The guide assembly (200) comprises a mounting frame (201) movably arranged in the outer frame body (100), a second connecting channel (201 a) penetrating through the end face of the mounting frame (201) and a guide wheel (202) rotatably arranged in the mounting frame (201), and a storage plate (201 b) for accommodating a pipeline is integrally formed in the mounting frame (201);

the end face of the outer frame body (100) is provided with a transmission assembly (101), the transmission assembly (101) comprises a pressing plate (101 a), one end of the pressing plate (101 a) is provided with a drainage end (101 a-1), the other end of the pressing plate (101 a) is connected with a stand column (101 b) in a threaded mode, and the other end of the stand column (101 b) extends into the outer frame body (100) and is in contact with the end face of the mounting frame (201); the drawer box (100 b) is movably arranged on the outer wall of the outer frame body (100);

The outer wall of the mounting frame (201) is in threaded connection with a connecting frame (201 c), a driving disc (203) is arranged at one end, away from the mounting frame (201), of the connecting frame (201 c), and a guide pillar (203 a) is arranged at one side of the outer wall of the driving disc (203);

the outer wall of the guide wheel (202) is provided with a transmission groove (202 a) which can be in movable fit with the guide post (203 a) in a penetrating way.

2. The laser measurement experiment apparatus for cavitation share in rectangular channels as claimed in claim 1, wherein: the connecting device is characterized by further comprising a connecting assembly (300), wherein the connecting assembly (300) comprises a fixed wheel (301) and a transmission gear (302) movably sleeved outside the fixed wheel (301).

3. The laser measurement experiment apparatus for cavitation share in rectangular channel as claimed in claim 2, wherein: a transmission toothed plate (100 c) which can be meshed and matched with the transmission gear (302) is arranged on the inner wall of the outer frame body (100);

The fixed wheel (301) is positioned on the outer wall of the driving disc (203), and the fixed wheel (301) is consistent with the axis of the driving disc (203).

4. A laser measurement experiment apparatus for cavitation share in rectangular channels as claimed in claim 3, wherein: the outer wall array of tight pulley (301) is equipped with a plurality of arch (301 a), just the outer wall activity of arch (301 a) is equipped with conflict board (303), the terminal surface of conflict board (303) is equipped with first elastic component (303 a), just the one end of first elastic component (303 a) with the outer wall connection of tight pulley (301).

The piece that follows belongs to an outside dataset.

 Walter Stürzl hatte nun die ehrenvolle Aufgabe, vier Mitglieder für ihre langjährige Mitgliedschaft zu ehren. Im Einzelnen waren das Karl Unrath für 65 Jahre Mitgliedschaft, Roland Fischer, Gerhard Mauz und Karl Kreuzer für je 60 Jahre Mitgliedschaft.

5. The laser measurement experiment apparatus for cavitation share in rectangular channel as claimed in claim 4, wherein: an accommodating channel (302 a) is formed in the inner wall of the transmission gear (302), and an abutting groove (302 a-1) which can be clamped with the abutting plate (303) is formed in the accommodating channel (302 a).

6. The laser measurement experiment apparatus for cavitation share in rectangular channels as claimed in claim 1, wherein: the outer frame body (100) is internally provided with a reset assembly (400), and the reset assembly (400) comprises a connecting chute (401 a) arranged at the inner end surface of the outer frame body (100).

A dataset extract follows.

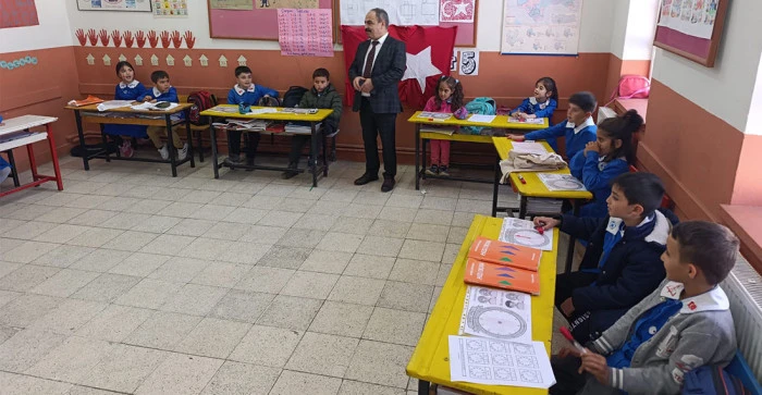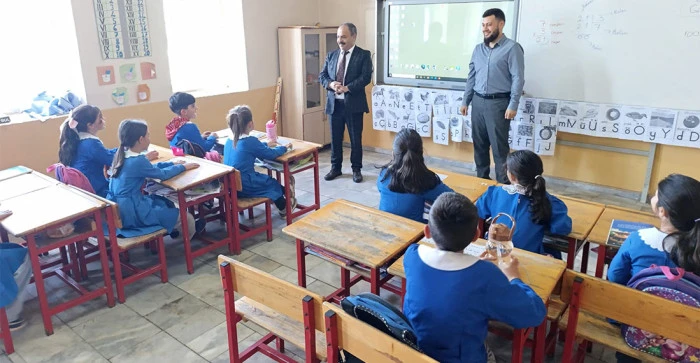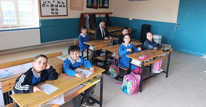 Ziyaret kapsamında birleştirilmiş sınıflarda eğitim gören öğrencilerle yakından ilgilenen İlçe Milli Eğitim Müdürü Mahmut İşcan, sınıf içi etkinlikleri gözlemledi ve öğretmenlerle eğitim sürecine dair değerlendirmelerde bulundu.

7. The laser measurement experiment apparatus for cavitation share in rectangular channels as claimed in claim 6, wherein: two reset sliding blocks (401) are arranged in the connecting sliding groove (401 a) in a sliding mode, reset rods (402) are connected to the end faces of the two reset sliding blocks (401) in a rotating mode, and the reset rods (402) are hinged to the mounting frame (201) at one ends away from the reset sliding blocks (401);

Two second elastic pieces (403) are symmetrically arranged in the connecting chute (401 a), and one ends of the two second elastic pieces (403) are respectively connected with the outer walls of the two reset sliding blocks (401).